Since the characters are mostly neutral colours, they don't pop against the saturated green grass. Adding more colour to the characters and using less saturated colours for the grass would help.
I don't think flatness is a big problem for grass since it's literally fairly flat. However, if you want to make it more fluffy looking, consider using your shadow colour more judiciously - you currently have many dark grass-blade shapes, but how about using that colour as shadow instead? Let the lighter grass blades grow out of the darker base, instead of adding dark shapes.
Another reason the grass looks flat is that it has the same high level of detail throughout. It's difficult to remedy this with a single tile, but consider having variant tiles, some of which have less detail and perhaps a smaller value range.
Scale is another factor to consider.
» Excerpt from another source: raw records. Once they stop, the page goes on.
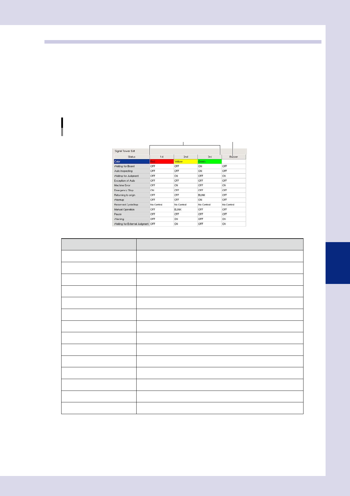 specified for the first lamp to the third lamp. (The signal tower lamps are arranged in order first lamp, second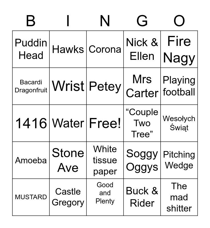 This bingo card has a free space and 55 words: Pickle, MUSTARD, Fondue, Puddin Head, Good and Plenty, July 31 2021, Wrist, Sicily, Mrs Carter, Cabo, Nick & Ellen, Park, Chicago Style Smiles, Delta Tau Delta, Ghost in the graveyard, Music, Fire Nagy, Water, Ryan Silver, The mad shitter, “Couple Two Tree”, Mini Golden doodle, Soggy Oggys, Corona, Jason, Petey, Buck & Rider, July 1 2021, Wesołych Świąt, Pitching Wedge, Ain’t No Mountain High, Cardinals, The elm, Gavin, Bacardi Dragonfruit, 1416, Hot peanuts, Amoeba, A puppy, Pattys Pups, Hawks, The lumina, *NSYNC, It gets dead, Stone Ave, Castle Gregory, Peter Letarte, Percussion, Flute, Playing football, SUADs, Grandma Lipuma, Hinsdale Golf Club, White tissue paper and Hot Cross Buns.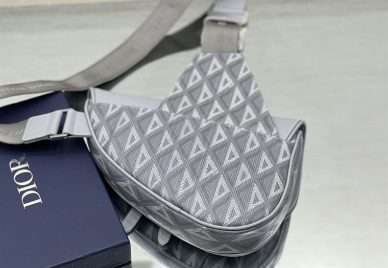 Experience the sophistication of the DIOR Mini Saddle Bag in gray CD diamond canvas and smooth calfskin. Elevate your style with this iconic accessory, blending elegance and contemporary design by Dior.
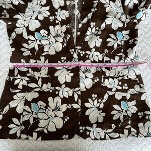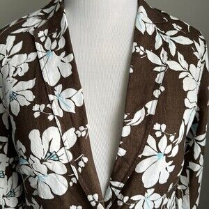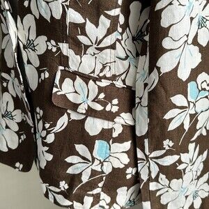 Lands End Brown White Floral Print Jacket Women's Linen Blazer Classic Boho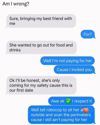 Like the guy defenitely comes off as a dick but also if you check out conventional social media you will see guys who talk about being expected to pay for not just the girl but also their friend, and you will see girls talk about how if she brings a friend for protection then the guy should pay for the friend too.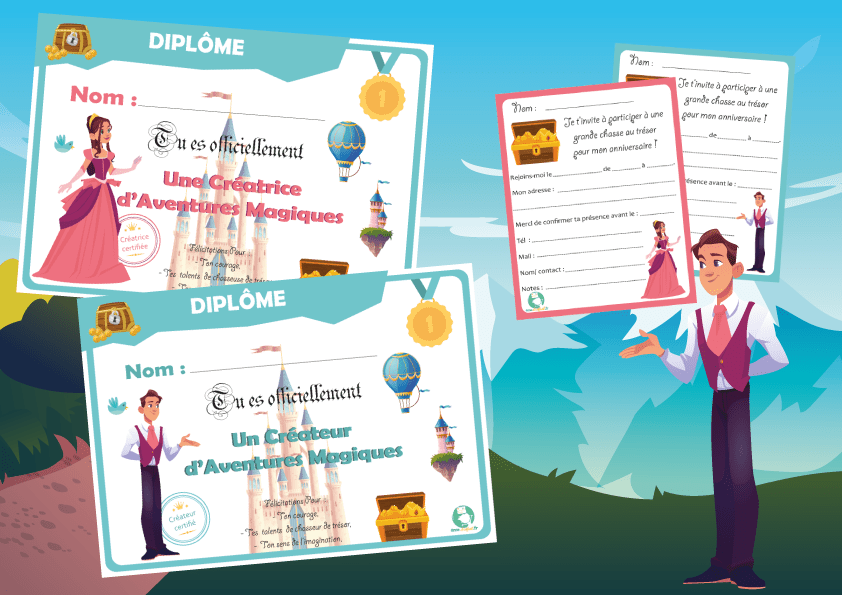 Par ailleurs ce kit animation anniversaire est mixte pour une idée anniversaire enfant originale (diplôme princesse et prince)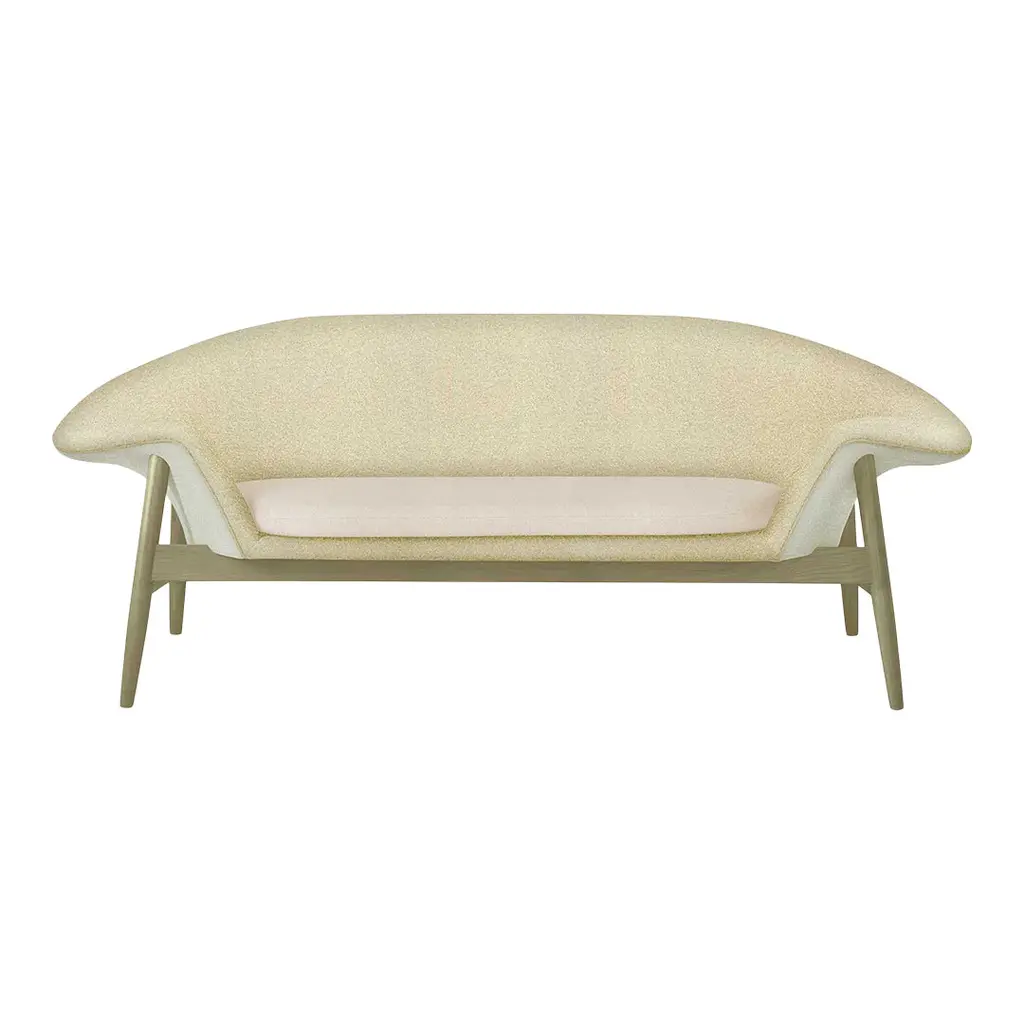 Hans Olsen's unique Fried Egg design now occupies the living room in new dimensions in the form of an exclusive sofa with playful lines. The renowned Danish architect experimented with original design furniture, and the perfectly shaped Fried Egg sofa with the striking armrests is launched in close collaboration between Hans Olsen's descendants and Warm Nordic based on a desire to continue iconic Nordic design. The Fried Egg design has its roots in Danish modernism of the 50s and caters to design lovers who want to add edge to the home in the form of extraordinary design furniture with personality. The sofa shares a design language with the asymmetrical armchair with the nickname Spejlaegget, but unites the playful lines in a friendly and well-balanced design, where the two flat armrests open to the world and invite you to lounge on the sofa.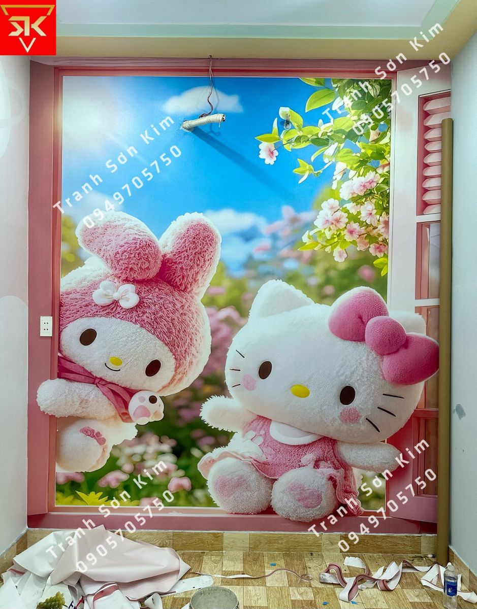 thi công tranh dán tường 3D Hello Kitty và Kuromi cho phòng ngủ bé gái

Those "grass" blades are the size of a human arm xP Exaggerated grass is fine and your results look pretty good, but make sure that's a decision you make consciously rather than just because this is the smallest you feel you could make the grass. There are many other approaches, some more realistic, some more cartoony.
Here's one alternative option:
The grass is largely flat, and most of the details are created at the boundaries of the different solid colours. The grass blades here are also on the larger size, but this approach can also work well with 2px-big grass blades without looking too noisy. The different colours can represent different grass types, elevations, or shadows, depending on the context provided by the rest of the scene. This approach makes it easier to mask the grid too, since it's not noticeable when a flat colour is tiled.
Having noisier, fainter grass with tiny grass blades can work well too, if you want a more realistic look. The key with tiny grass is to keep the contrast on the low side, so that the details don't clash with details on the characters and important objects.
Lastly, don't forget that you're probably not going to have huge fields of just grass tiles in your game. There will be objects and other terrain tiles breaking it up. Your tile might look a lot better in that context! This is especially true if your various objects such as trees and things that sit on the grass have little bits of grass that overlap them in their sprites. That'll give the grass a lot of volume without requiring any changes to the base grass tile.